Conditionner les voyages vers le fenua à une vaccination contre le Covid : c’est une des « pistes » évoquées par Édouard Fritch et discutées avec l’État pour envisager la réouverture des frontières du fenua. Rien n’est fait, d’autant que le sujet est très débattu en France et dans le monde.

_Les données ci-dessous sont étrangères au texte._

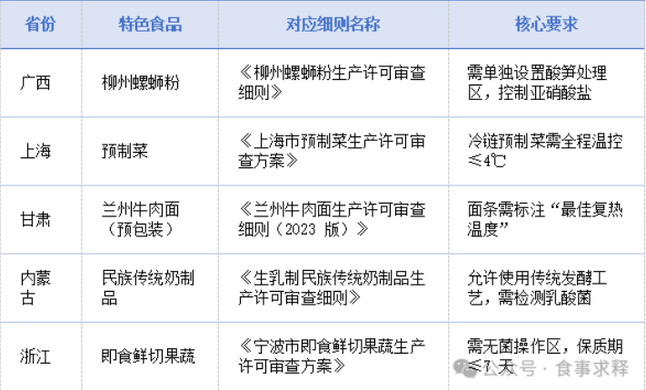 各省针对本地特色食品(如螺蛳粉、兰州牛肉面)制定专属细则,企业需按 “生产地” 匹配,举例如下: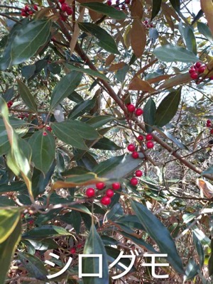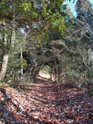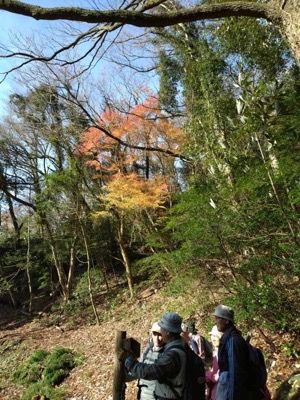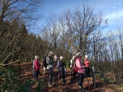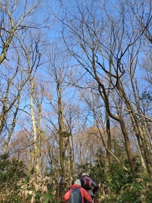 シロダモの赤い実が目に付きます。葉は樟脳の匂いがするそうです。海の見える丘からは青い海がハッキリと見え、O野さんからドングリに関するお話しを聞きました。白山展望場所へ近づくと、いつもは暗く見える道に光が当たり輝いて見えます。何本も杉が伐採されて白山がハッキリ見え、素晴らしい!と歓声が溢れ、次の法師山への期待が増します。大休場に到着暫し休憩。こちらは白山に大長山も見えます。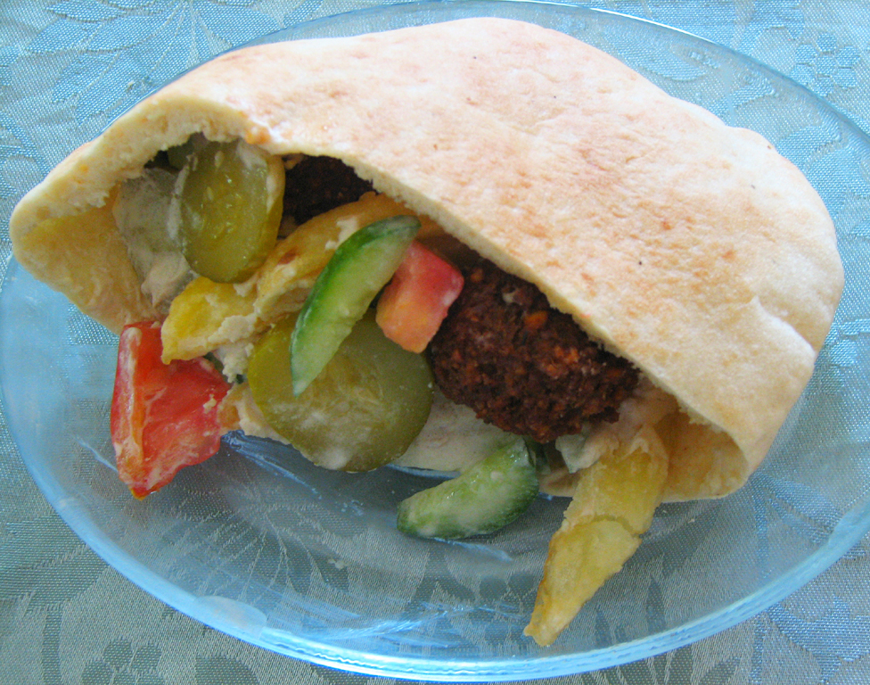 Фалафель невозможно представить без питы, круглой пресной лепешки с полостью внутри. Верхняя часть питы отрезается и в образовавшийся кармашек закладывают все, что угодно – шаурму, шашлык, салаты и, конечно же, фалафель с хумусом.
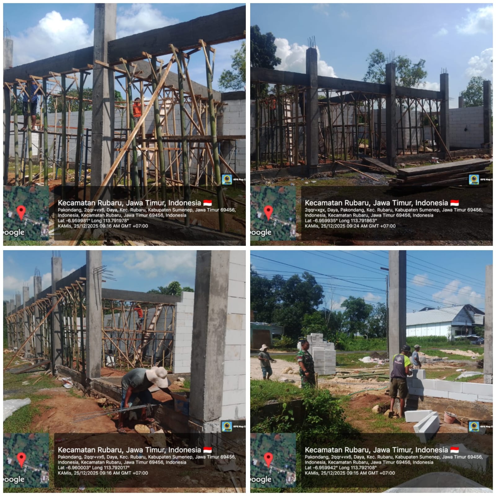 Babinsa Koramil 0827/13 Rubaru, Koptu Kalvori Ariyanto, turun langsung melakukan pendampingan sekaligus pemantauan pembangunan pada Kamis (25/12/2025) sejak pukul 09.40 WIB hingga selesai.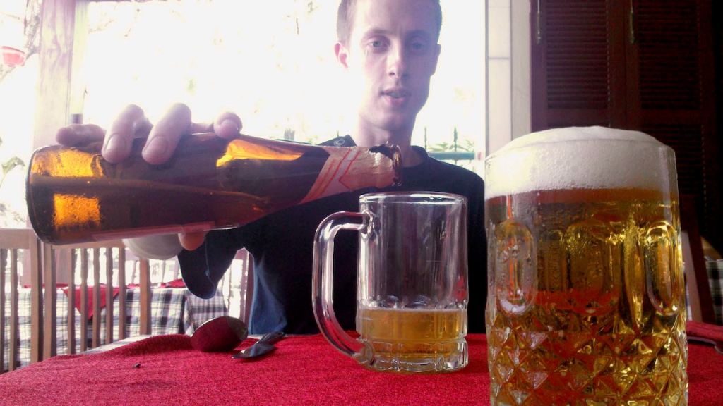 We have arrived in the ancient town of Hoi An. Our hotel looks like it is from 1963. We were quite hungry, so we went to a cafe across the street. I got a 3000 dong beer. That’s a little more than a dime. Therefore, I can have about 6 of these for the price of a coke. Just wanted you to know I am being careful with my money. Greg, in true capitalist form, paid the indulgent amount of 41 cents for his.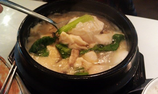嫩豆腐汤:价格和牛肉石锅拌饭一样,18元,里面除了嫩豆腐,还有土豆,不少蛤蜊
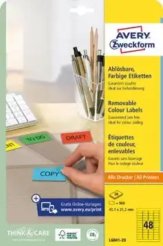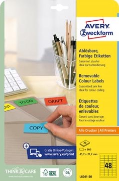 Avery etiketten L6041-20 21,2x45,7mm geel pak van 20 vel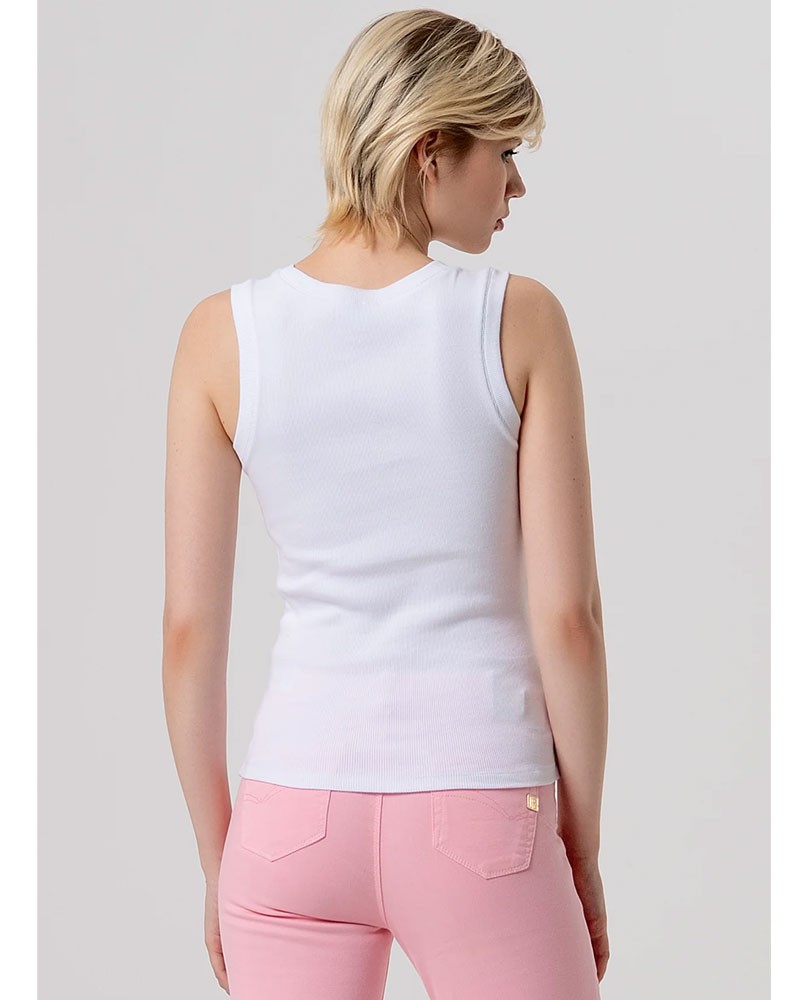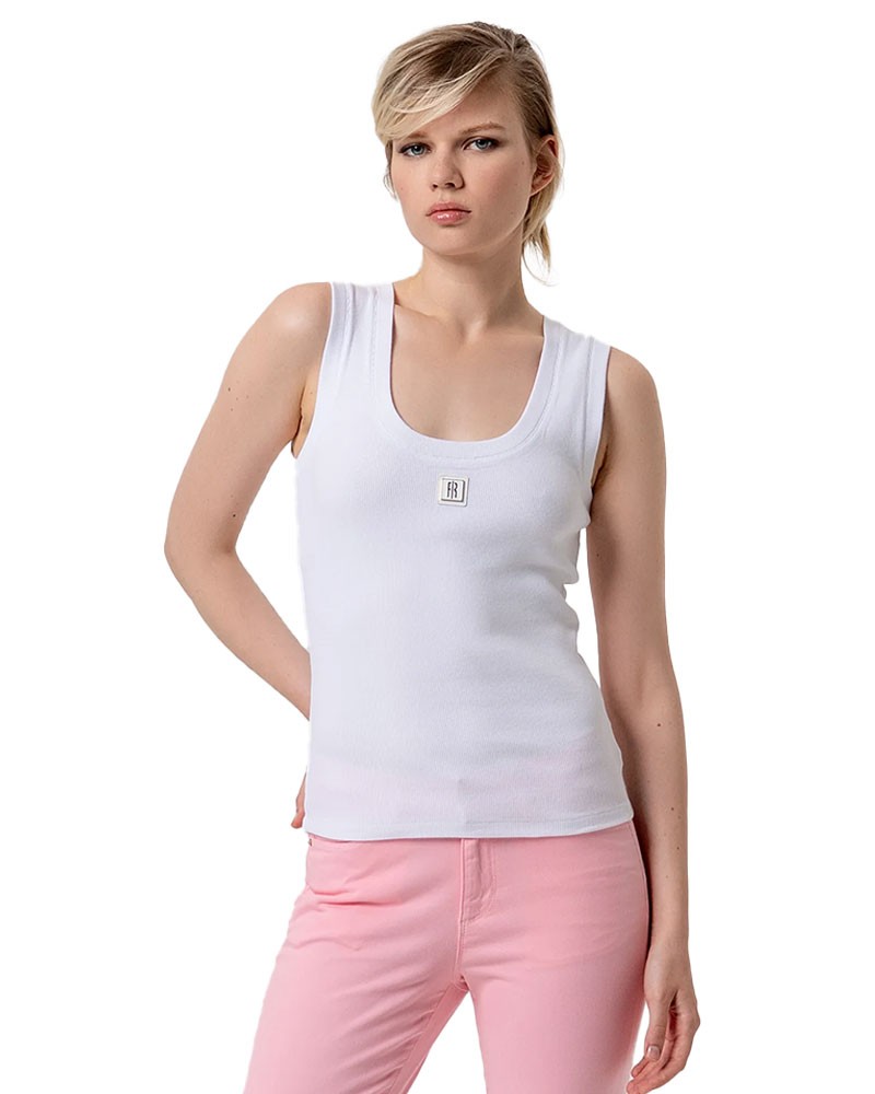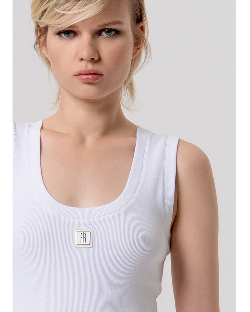 Débardeur Fracomina au design simple et féminin, confectionné en tissu côtelé qui flatte la silhouette. Ce modèle présente une encolure arrondie et large ainsi que de larges bretelles pour un confort optimal et une coupe ajustée. Le logo sur le devant apporte une touche distinctive et moderne. Parfait à porter seul ou comme base pour des looks superposés, c'est une pièce polyvalente idéale pour des tenues décontractées et contemporaines.

Dominique Sorain l’a posé dès les premières minutes de son allocution : « Le contexte mondial ne permet pas d’envisager une évolution à court terme » des restrictions de voyage. En clair : les frontières du fenua restent fermées jusqu’à nouvel ordre aux touristes et aux voyageurs ne présentant pas de « motif impérieux ». Une fermeture imposée début février par Paris et doublée dans la foulée d’une quarantaine de 10 jours mise en place par le Pays pour les voyageurs autorisés à débarquer au fenua. Un protocole qui devrait être levé « dans quelques semaines » d’après Édouard Fritch, qui avait assuré à la population que la fermeture des frontières ne saurait durer plus de « deux à trois mois ». C’est ce que semble confirmer Tahiti Tourisme, qui a informé les professionnels d’une possible réouverture dans le courant du mois de mai. Mais à l’heure actuelle, rien n’est acté, et les autorités échangent sur le calendrier et surtout les modalités de cette levée des restrictions.

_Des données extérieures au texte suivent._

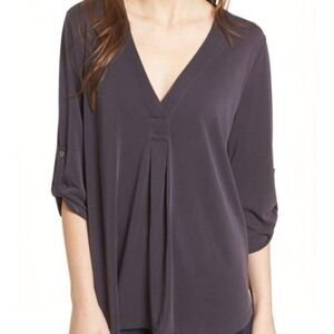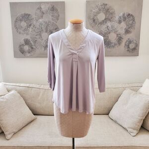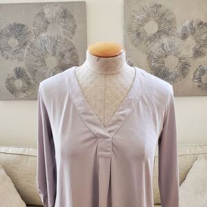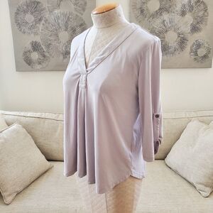 AN101 (tags: top, shirt, blouse, flowy, relaxed, loose, tunic, 3/4 sleeve, rolled sleeve, cupro, roll sleeve, V-neck, grey, gray, silver, casual, office, work, business casual)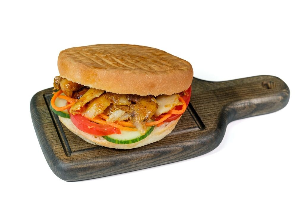 Сэндвич с сочной курицей и овощами. Хрустящая булочка, свежие овощи - помидоры и огурцы, а также пряная морковь по-корейски. Особую пикантность вкусу придают два соуса: сырный и спитак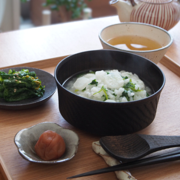 1月7日の人日(じんじつ)の節句に食べる七草がゆ。七草の若芽を食べて植物の生命力を取り入れ、無病息災でいられるようにという願いを込めて食べるとのこと。年末年始に暴飲暴食して疲れた胃を休めるのにも丁度よいやさしさ。小さい頃は草っぽい香りが苦手でしたが、大人になるとこれはこれで楽しめるようになりました。ちなみに七草がゆは1月7日の午前中に食べるのがよいそうですよ。今回は我戸幹夫商店の加飾取椀ビリ筋でいただきます。広めの口なのでれんげでもすくいやすいですよ。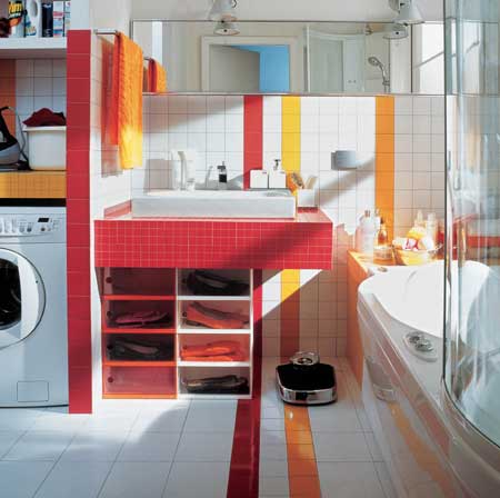 組合與隱藏方式真的是令人樂此不疲,即使是浴室也有可以施展的空間。與淋浴房結(jié)合在一起的組合浴缸,利用有限的空間滿足了兩種不同的洗浴要求,說經(jīng)濟(jì)實(shí)惠一點(diǎn)也不過分。洗面盆臺(tái)面下的空間安置了帶透明門的收納柜子,里面的物品一目了然,卻不礙觀瞻。一道普通的半隔斷分離出一個(gè)獨(dú)立的洗衣間,一道軟百葉簾又將這個(gè)洗衣間巧妙地隱藏起來。整齊有序的空間著實(shí)令人羨慕,其實(shí)只要你愿意,在自己的家里也不是不能實(shí)現(xiàn)。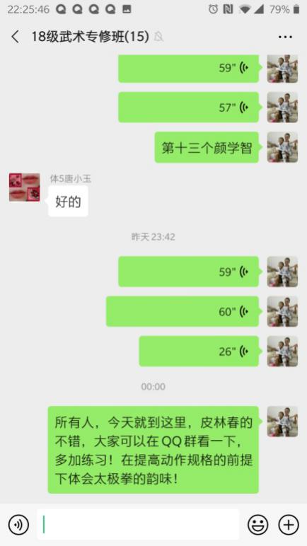 体会:由于课程性质的特殊性,线上教学也遇到了新的问题,学生需要的不是课件,而是动作的准确性及坚持训练的督促问题,因此,李老师采用QQ视频,因为小班教学,QQ视频效果直观,网络不卡,动作示范效果好,其次,为了解决术科坚持训练的问题,上交作业的方式采用视频,也变相督促学生坚持训练,同时录制视频的过程,也激发学生训练的积极性。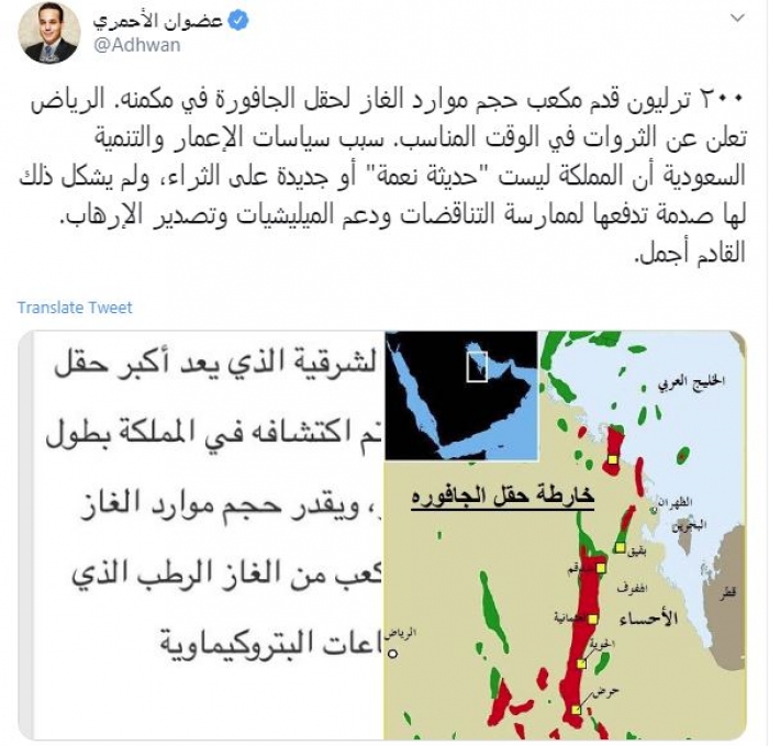 الأحمري ي وجه رسالة لـ قطر بشأن حقل الجافورة

« Nous sommes aujourd’hui en situation de créer un dispositif adapté et protecteur » précise le haut-commissaire. Édouard Fritch, lui, va plus loin : « Nous avons l’ambition partagée de parvenir dans les meilleurs délais à concevoir un dispositif innovant et adapté aux enjeux du retour à une vie normale dans un monde où le virus continuera à circuler encore probablement longtemps » explique le président. Qui évoque deux types de protocoles :
- « Les résidents polynésiens qui voudraient voyager à l’extérieur » pourraient être tenus d’être vaccinés avant leur départ pour pouvoir envisager un retour « sans contrainte », et donc sans quarantaine
- « Les voyageurs étrangers et nationaux qui voudraient visiter la Polynésie » pourraient devoir présenter une « attestation valide d’un carnet vaccinal anti-covid ».
Pour Édouard Fritch, aucun doute : ces protocoles basés sur la vaccination sont la « meilleure solution » pour envisager une réouverture du pays.
Débat national et mondial
Conditionner le voyage à une vaccination, l’idée n’est pas neuve. Certains pays tropicaux – voire des collectivités françaises, comme la Guyane – exigent déjà depuis très longtemps certains types de vaccination (fièvre typhoïde, fièvre jaune…), à tous les voyageurs ou à ceux qui ont fréquenté une région à risque. Mais ces « passeport vaccinaux » – un terme critiqué puisqu’il s’agit d’un certificat indépendant du passeport – font un retour à l’heure de la pandémie. Certains pays – Israël, mais aussi la Grèce, Chypre, le Danemark ou la Suède – on déjà fait des annonces concernant plus largement des « passeports sanitaires » qui incluraient, en plus de la vaccination, des preuves d’une contamination passée (théoriquement protectrice contre la maladie) ou d’un test négatif récent. Beaucoup d’autres pays – l’Australie, la Nouvelle-Zélande, la Chine, mais aussi la France et plus largement l’Union européenne – réfléchissent à des mécanismes similaires, et certaines compagnies aériennes ont déjà commencé à s’y préparer depuis plusieurs mois.
Vu la méfiance à l’égard des vaccins anti-covid – beaucoup plus répandue en France que dans la plupart des pays du monde – et leur diffusion encore relativement faible (environ 200 millions de personnes ont reçu au moins une dose de vaccin), le sujet est polémique. Enfin, la faisabilité juridique de cette mesure n’est pas encore établie en France où les juristes débattent des conséquences d’une telle mesure en termes de libertés publiques, ou de protection des données personnelles. C’est d’ailleurs ce que semble relever Dominique Sorain, plus prudent qu’Édouard Fritch sur la question : « C’est tout un débat qui est lancé, il faut pouvoir ouvrir le territoire dans les meilleures conditions de santé et légales aussi ».